> **What needs to be done**
In the entries that follow, find the line containing "where denotes the" and the line containing "八路军军服(复制品)(左图) 新四军军服(复制品)(右图)", then copy exactly everything from the first through the second except the pictures.

> **Entries provided**
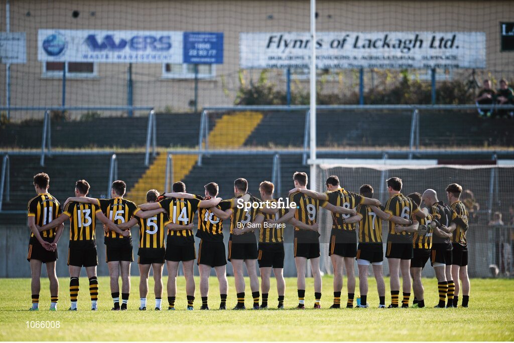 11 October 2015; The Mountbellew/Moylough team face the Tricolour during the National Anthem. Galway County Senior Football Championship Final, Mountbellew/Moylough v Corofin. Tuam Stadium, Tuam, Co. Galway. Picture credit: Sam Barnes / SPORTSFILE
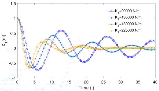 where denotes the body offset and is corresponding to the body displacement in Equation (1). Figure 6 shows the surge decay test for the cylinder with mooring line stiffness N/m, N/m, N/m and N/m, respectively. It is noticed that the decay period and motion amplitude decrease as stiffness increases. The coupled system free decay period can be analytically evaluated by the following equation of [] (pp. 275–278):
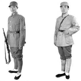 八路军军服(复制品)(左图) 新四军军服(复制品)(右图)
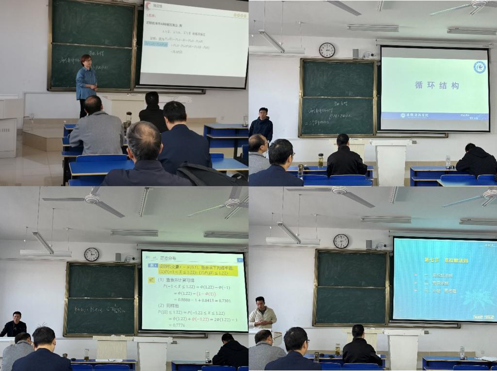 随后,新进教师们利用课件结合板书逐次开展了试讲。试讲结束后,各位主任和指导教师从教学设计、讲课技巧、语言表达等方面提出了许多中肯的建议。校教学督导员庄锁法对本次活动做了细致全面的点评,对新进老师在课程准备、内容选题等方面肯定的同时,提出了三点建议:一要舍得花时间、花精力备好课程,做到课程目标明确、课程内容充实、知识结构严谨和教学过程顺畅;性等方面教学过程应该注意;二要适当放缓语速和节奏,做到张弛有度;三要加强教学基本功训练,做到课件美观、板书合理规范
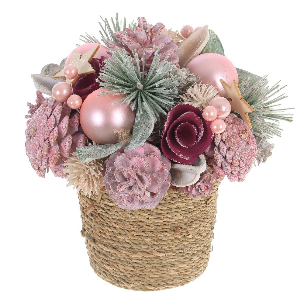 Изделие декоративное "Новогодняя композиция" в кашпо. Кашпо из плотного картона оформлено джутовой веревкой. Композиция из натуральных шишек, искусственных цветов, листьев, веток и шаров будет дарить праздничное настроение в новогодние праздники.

* * *

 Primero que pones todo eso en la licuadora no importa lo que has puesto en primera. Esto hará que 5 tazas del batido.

> **Task solution**
 where denotes the body offset and is corresponding to the body displacement in Equation (1). Figure 6 shows the surge decay test for the cylinder with mooring line stiffness N/m, N/m, N/m and N/m, respectively. It is noticed that the decay period and motion amplitude decrease as stiffness increases. The coupled system free decay period can be analytically evaluated by the following equation of [] (pp. 275–278):
 八路军军服(复制品)(左图) 新四军军服(复制品)(右图)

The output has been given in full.